(Collection entries)
=-=-=
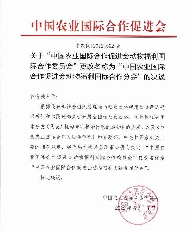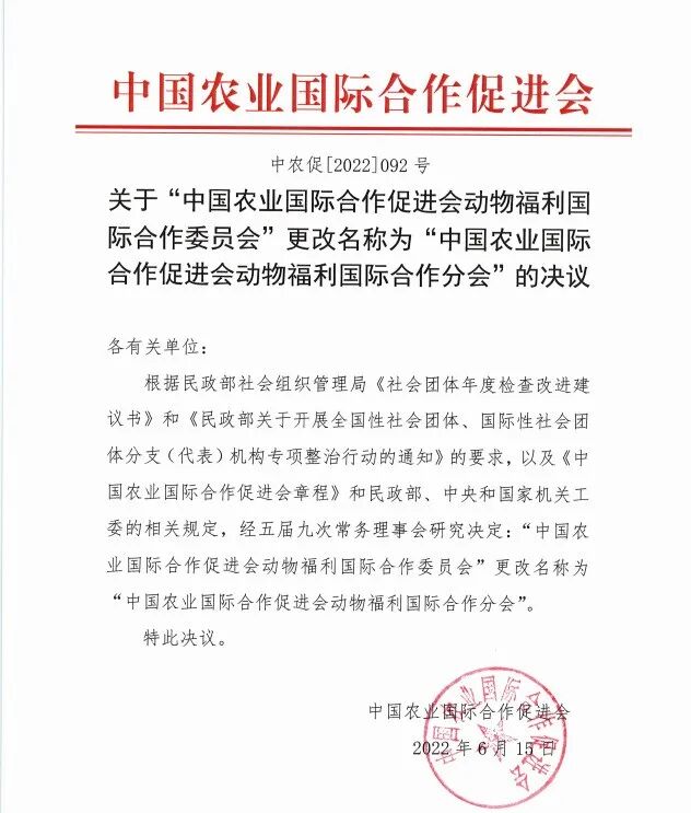 更名为“中国农业国际合作促进会动物福利国际合作分会”;
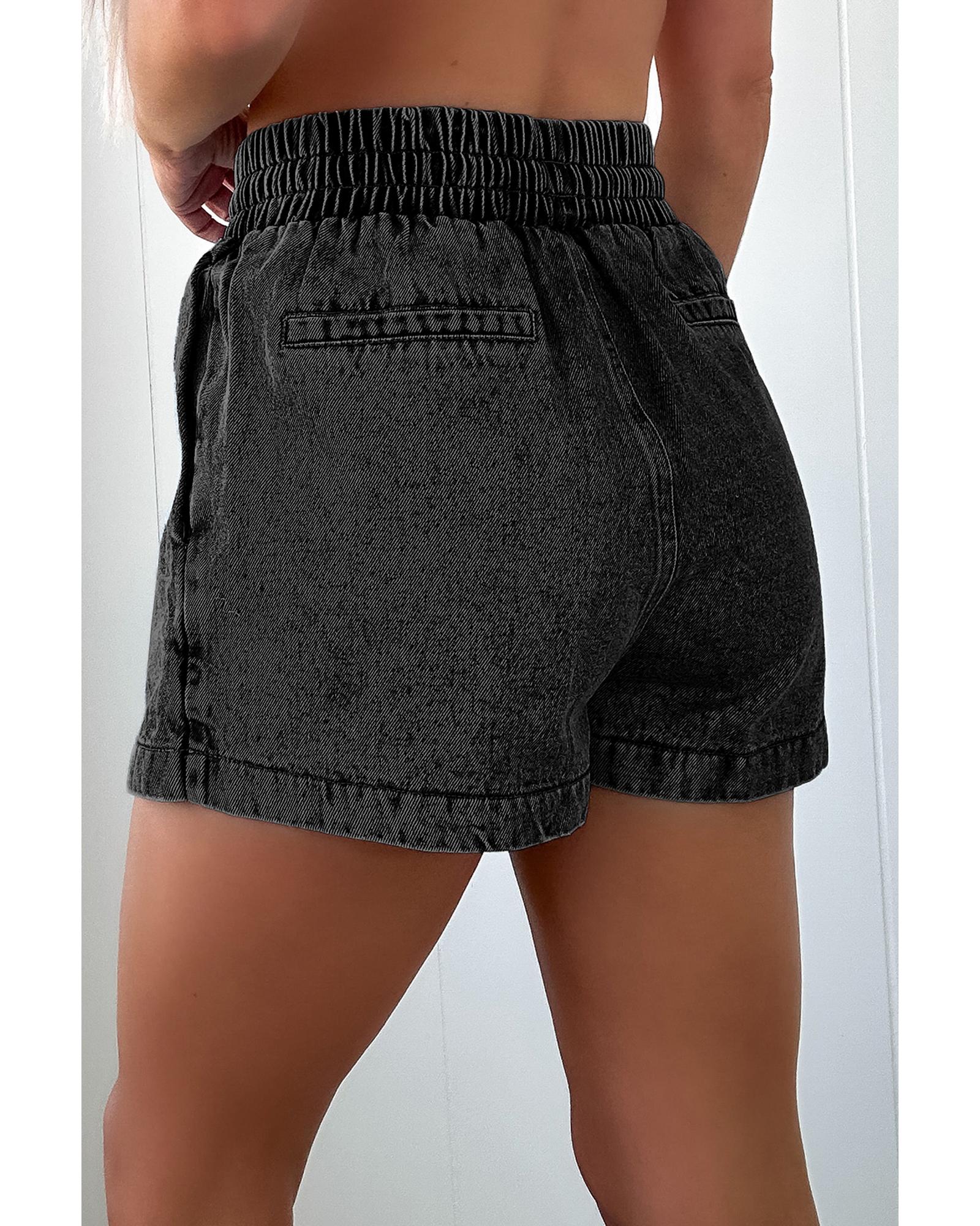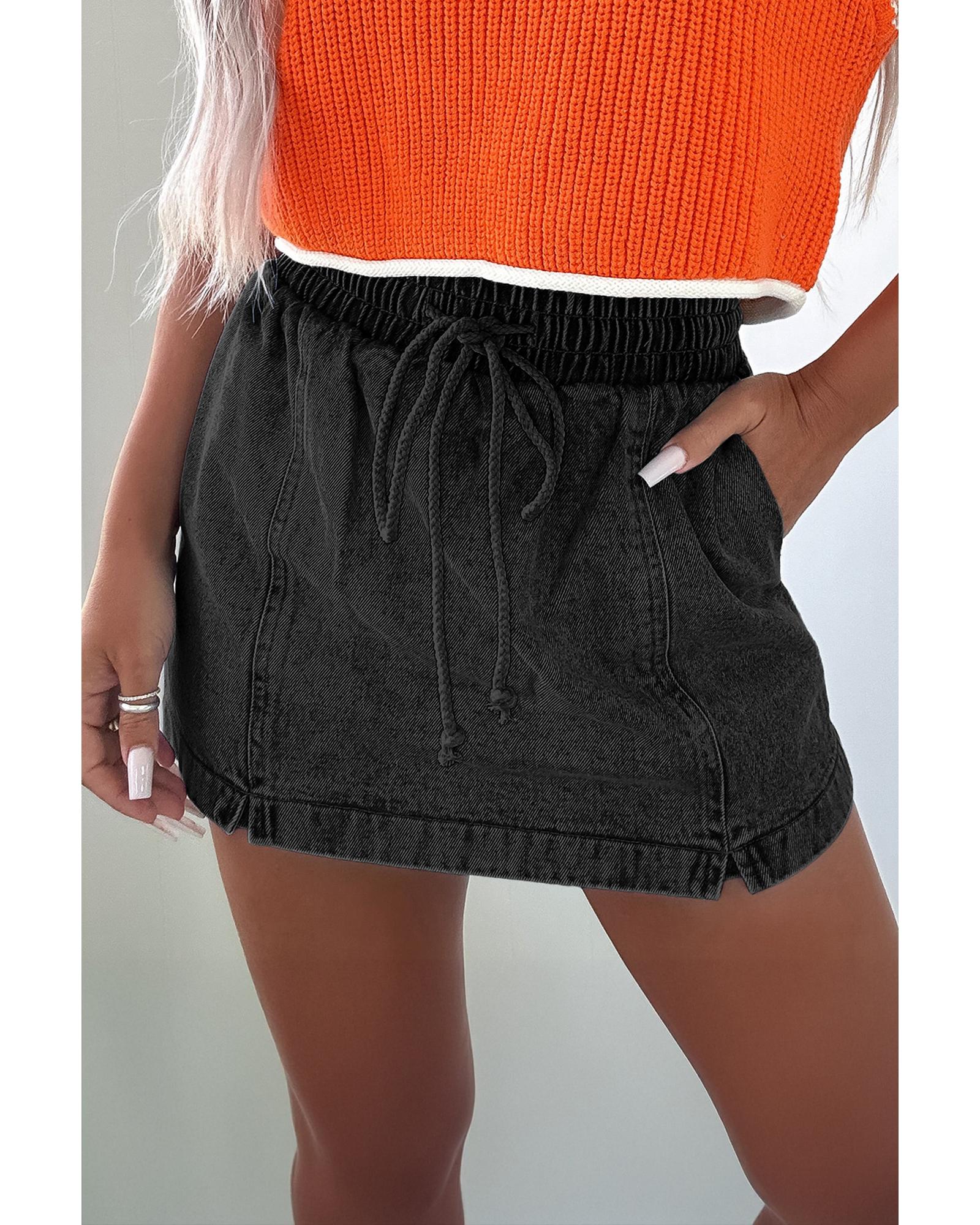 • Black drawstring high waist pocketed denim shorts
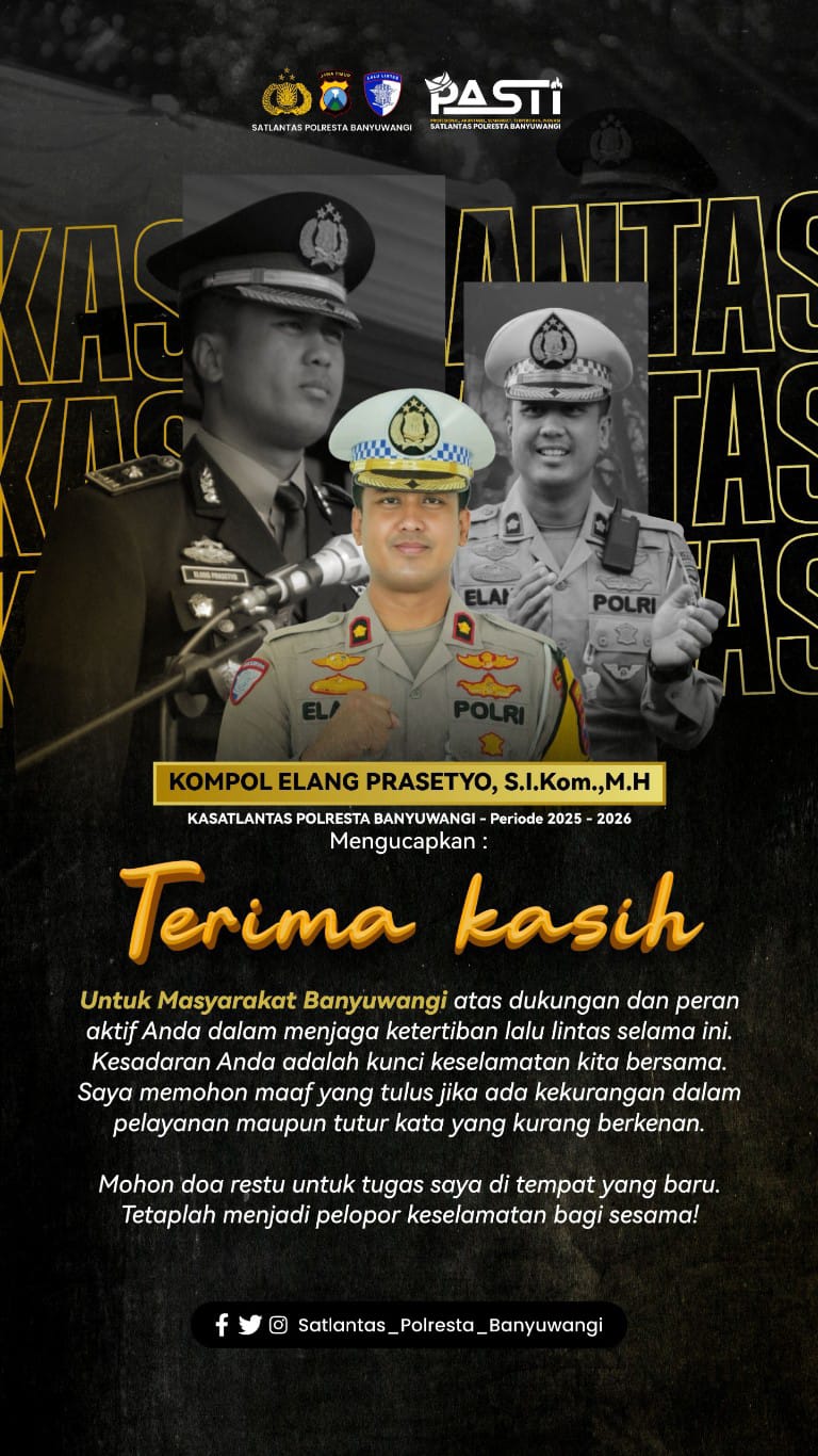 Banyuwangi, Metrozone.net– Satuan Lalu Lintas (Satlantas) Polresta Banyuwangi menyampaikan ucapan terima kasih dan apresiasi setinggi-tingginya kepada Kompol Elang Prasetyo, S.I.Kom., M.H., atas dedikasi, pengabdian, serta kepemimpinannya selama menjabat sebagai Kepala Satuan Lalu Lintas (Kasat Lantas) Polresta Banyuwangi. Ungkapan tersebut menjadi bentuk penghormatan atas berbagai capaian dan kontribusi nyata yang telah ditorehkan demi peningkatan pelayanan dan keselamatan berlalu lintas di wilayah Kabupaten Banyuwangi.
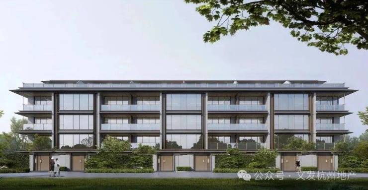 项目定位为高端排屋及叠排社区,建筑设计以新宋风为特色,融入超山宋梅古韵的历史人文底蕴;整体布局以中央山水景观轴为骨架,营造“一轴一带八景十巷”的多进式园林体验。
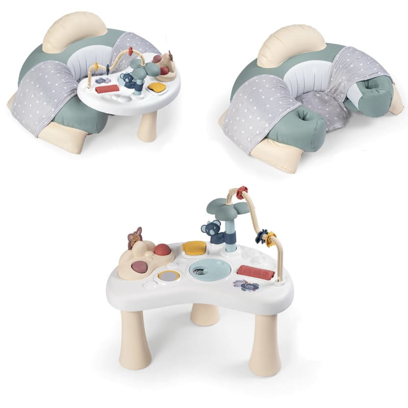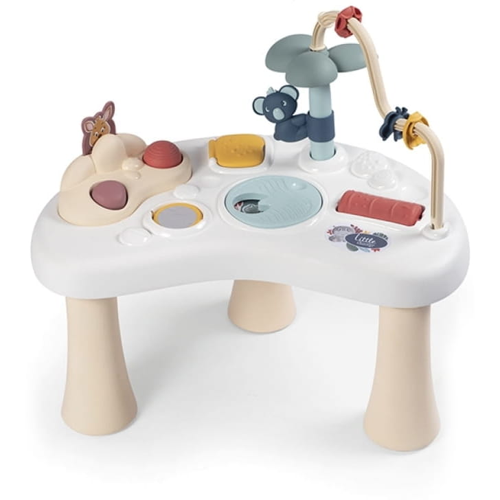 Інтерактивний столик відчеплюється, стоїть на 3 ніжках та має безліч різноманітних функцій і форм гри. Різноманітні іграшки, такі як: ховаючий кенгуренок, крутячий коала, рухомі бісеринки, приховані елементи або дзеркальце, стимулюють органи чуття та розвиток дітей.
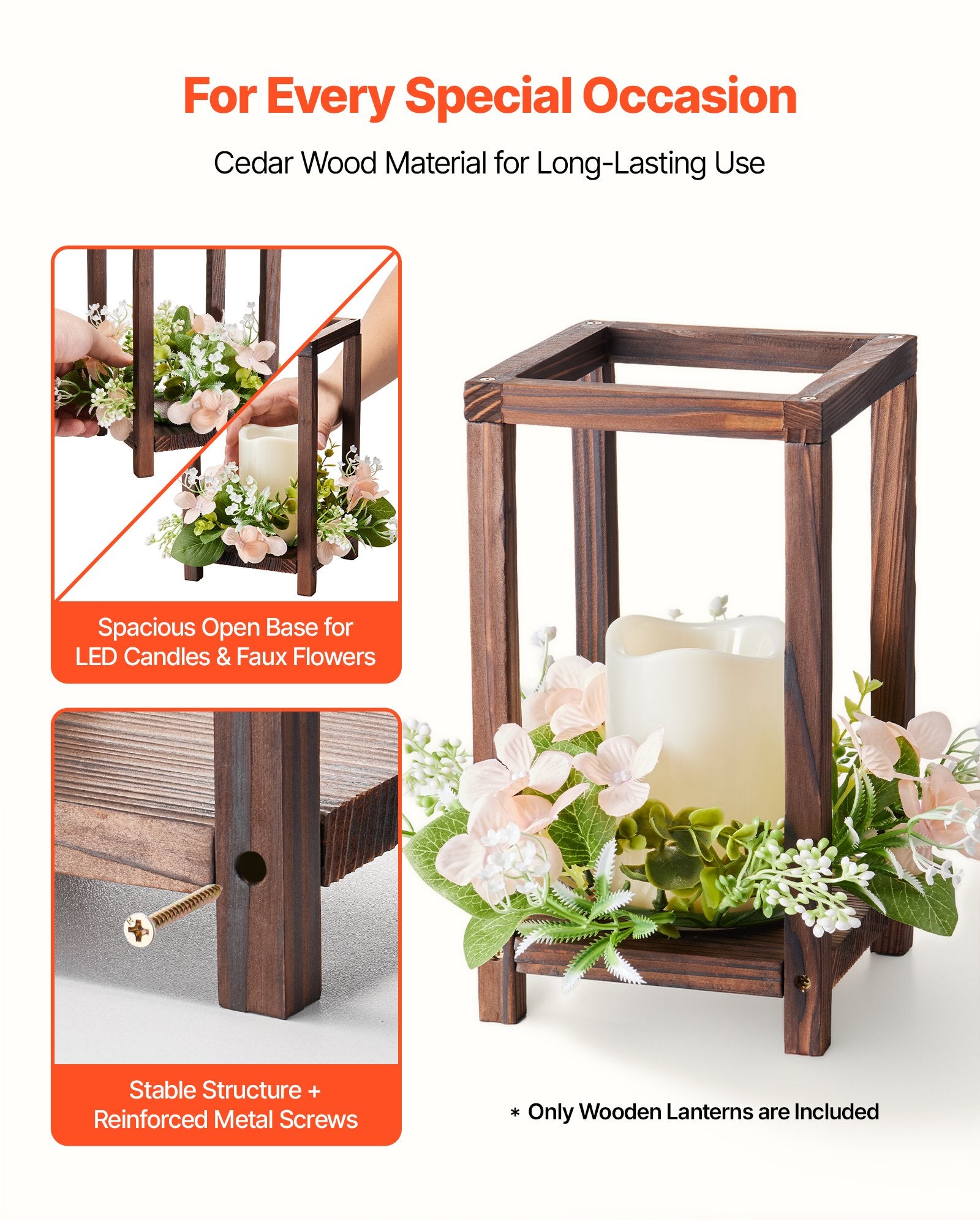 - Easy & Quick Assembly: These wood lanterns come with enough screws and a dedicated screwdriver. With pre-drilled holes and an illustrated user manual, they are simple to set up with no extra tools needed, even for beginners. Save time on decor preparation
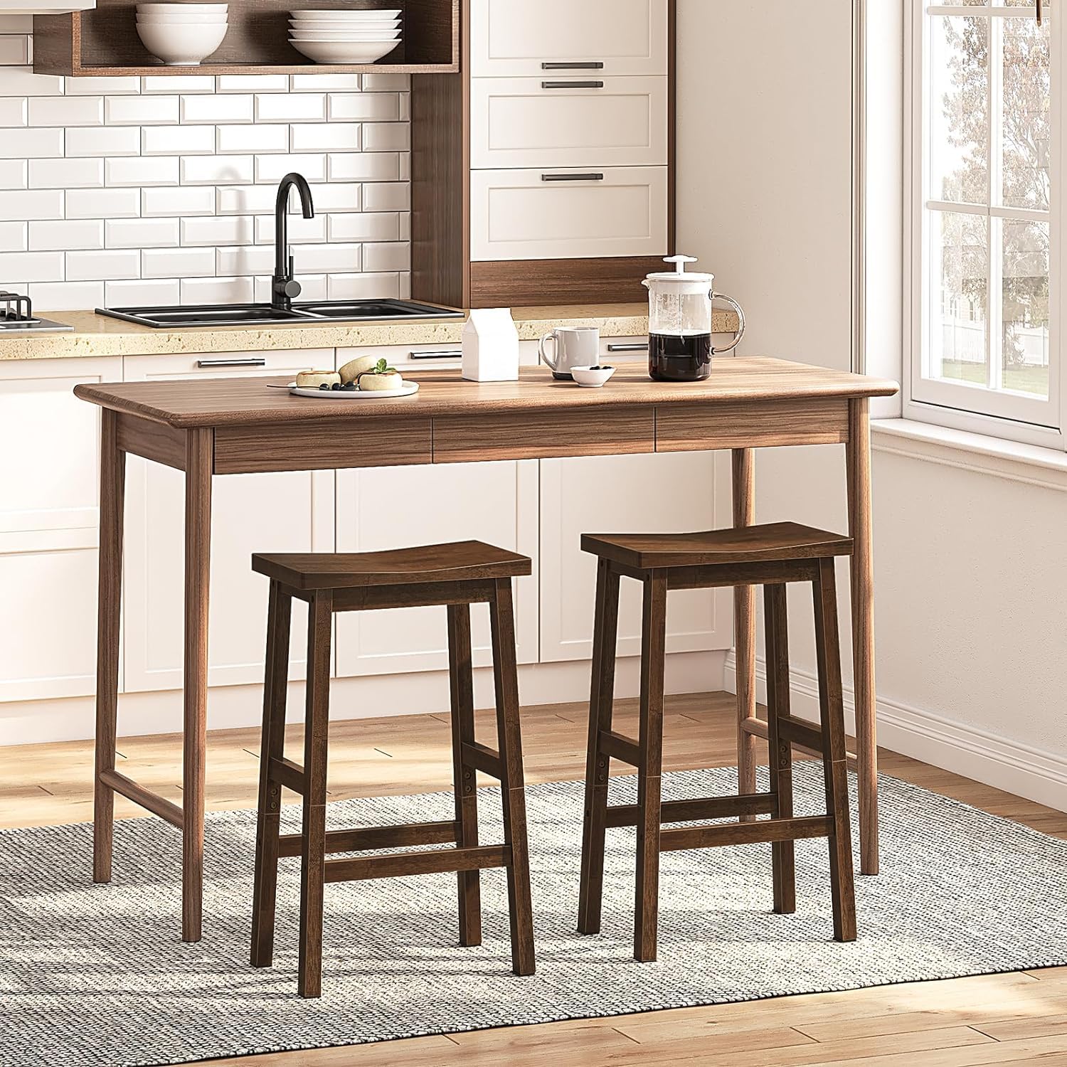 Bar Stool Set of 2, 26 Inches Kitchen Counter Stools With Footrest, Bamboo Bar Chairs
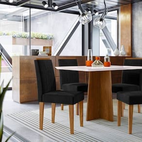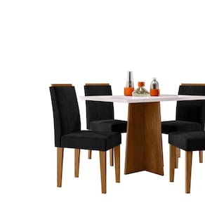 Belíssima Mesa Anitta, vai levar charme e beleza para sua casa. Produzido com material de alta qualidade proporciona mais resistência e durabilidade. Possuí pés diferenciados com design moderno e elegante, além do encaixe ideal para as cadeiras se acomodarem perfeitamente, ajudando a otimizar seu espaço. Medida da Mesa (A x L x P): 80cmX120cmX80cm Peso da Mesa: 39,6 kg Mesa suporta até: 20.0000 Acabamento da Cadeira/Banco: Pintura UV Acabamento da Mesa: Pintura UV Ambiente Principal: Sala de Jantar Cadeira/Banco Estofada: Encosto e Assento Estofados Cadeira/Banco estofada: Encosto e Assento Estofados Cadeira/Banco suporta até: 120.0000 codigo_ean: 7900288113351 Complexidade da Montagem: Média: pode ser montado por mais de uma pessoa e/ou necessite de maior conhecimento para montagem Cor: Off White Cor do Produto: Off White Cor do Tampo: Off White Cor Secundária: Cinza De Canto (Canto Alemão): Não Enchimento do Assento: Espuma D-18 Escala de Brilho: Semi-Brilho Espessura do Tampo: 28 mm Formato do Tampo: Retangular Informações Complementares: Tecido da cadeira cor Veludo Preto Itens Inclusos: 1 Mesa, 4 Cadeiras Manual de Montagem e Kit Ferragens Manual de Montagem e Instalação: https://product-hub-prd.madeiramadeira.com.br/992117/documents/b456c681-a97f-4451-9433-1fb097449e6f2808091291317440684550732.pdf Marca: New Ceval Móveis Material da Base da Mesa: MDF Material da Estrutura da Cadeira: MDF Material do Tampo: Vidro/MDF Medida da Cadeira/Banco (A x L x P): 99cmX45cmX59cm Medida do Tampo (L x C x E): 120cmX80cmX25cm Mesa Dobrável: Não Mesa Extensível: Não Necessita Montagem: Sim Origem do Produto: Nacional Peso da Cadeira/Banco: 7,9 kg Possui Apoio para Braços: Não Possui Apoio Para os Pés: Não Possui Suporte Giratório: Não Quantidade de Cadeiras: 4 Quantidade de Lugares: 04 Recomendações de Uso, Manutenção e Limpeza: Limpar com flanela limpa e seca. Não molhar o móvel e não expor em lugar úmido ou próximo de fontes de calor, não usar produtos abrasivos. Revestimento da Cadeira/Banco: Poliéster Sistema de Montagem: Parafusos, cavilhas e minifix
=-=-=
_WHAT YOU ARE ASKED TO DO_
Could the data above be copied out exactly, with no pictures kept?

_COMPLETED EXERCISE_
 更名为“中国农业国际合作促进会动物福利国际合作分会”;
 • Black drawstring high waist pocketed denim shorts
 Banyuwangi, Metrozone.net– Satuan Lalu Lintas (Satlantas) Polresta Banyuwangi menyampaikan ucapan terima kasih dan apresiasi setinggi-tingginya kepada Kompol Elang Prasetyo, S.I.Kom., M.H., atas dedikasi, pengabdian, serta kepemimpinannya selama menjabat sebagai Kepala Satuan Lalu Lintas (Kasat Lantas) Polresta Banyuwangi. Ungkapan tersebut menjadi bentuk penghormatan atas berbagai capaian dan kontribusi nyata yang telah ditorehkan demi peningkatan pelayanan dan keselamatan berlalu lintas di wilayah Kabupaten Banyuwangi.
 项目定位为高端排屋及叠排社区,建筑设计以新宋风为特色,融入超山宋梅古韵的历史人文底蕴;整体布局以中央山水景观轴为骨架,营造“一轴一带八景十巷”的多进式园林体验。
 Інтерактивний столик відчеплюється, стоїть на 3 ніжках та має безліч різноманітних функцій і форм гри. Різноманітні іграшки, такі як: ховаючий кенгуренок, крутячий коала, рухомі бісеринки, приховані елементи або дзеркальце, стимулюють органи чуття та розвиток дітей.
 - Easy & Quick Assembly: These wood lanterns come with enough screws and a dedicated screwdriver. With pre-drilled holes and an illustrated user manual, they are simple to set up with no extra tools needed, even for beginners. Save time on decor preparation
 Bar Stool Set of 2, 26 Inches Kitchen Counter Stools With Footrest, Bamboo Bar Chairs
 Belíssima Mesa Anitta, vai levar charme e beleza para sua casa. Produzido com material de alta qualidade proporciona mais resistência e durabilidade. Possuí pés diferenciados com design moderno e elegante, além do encaixe ideal para as cadeiras se acomodarem perfeitamente, ajudando a otimizar seu espaço. Medida da Mesa (A x L x P): 80cmX120cmX80cm Peso da Mesa: 39,6 kg Mesa suporta até: 20.0000 Acabamento da Cadeira/Banco: Pintura UV Acabamento da Mesa: Pintura UV Ambiente Principal: Sala de Jantar Cadeira/Banco Estofada: Encosto e Assento Estofados Cadeira/Banco estofada: Encosto e Assento Estofados Cadeira/Banco suporta até: 120.0000 codigo_ean: 7900288113351 Complexidade da Montagem: Média: pode ser montado por mais de uma pessoa e/ou necessite de maior conhecimento para montagem Cor: Off White Cor do Produto: Off White Cor do Tampo: Off White Cor Secundária: Cinza De Canto (Canto Alemão): Não Enchimento do Assento: Espuma D-18 Escala de Brilho: Semi-Brilho Espessura do Tampo: 28 mm Formato do Tampo: Retangular Informações Complementares: Tecido da cadeira cor Veludo Preto Itens Inclusos: 1 Mesa, 4 Cadeiras Manual de Montagem e Kit Ferragens Manual de Montagem e Instalação: https://product-hub-prd.madeiramadeira.com.br/992117/documents/b456c681-a97f-4451-9433-1fb097449e6f2808091291317440684550732.pdf Marca: New Ceval Móveis Material da Base da Mesa: MDF Material da Estrutura da Cadeira: MDF Material do Tampo: Vidro/MDF Medida da Cadeira/Banco (A x L x P): 99cmX45cmX59cm Medida do Tampo (L x C x E): 120cmX80cmX25cm Mesa Dobrável: Não Mesa Extensível: Não Necessita Montagem: Sim Origem do Produto: Nacional Peso da Cadeira/Banco: 7,9 kg Possui Apoio para Braços: Não Possui Apoio Para os Pés: Não Possui Suporte Giratório: Não Quantidade de Cadeiras: 4 Quantidade de Lugares: 04 Recomendações de Uso, Manutenção e Limpeza: Limpar com flanela limpa e seca. Não molhar o móvel e não expor em lugar úmido ou próximo de fontes de calor, não usar produtos abrasivos. Revestimento da Cadeira/Banco: Poliéster Sistema de Montagem: Parafusos, cavilhas e minifix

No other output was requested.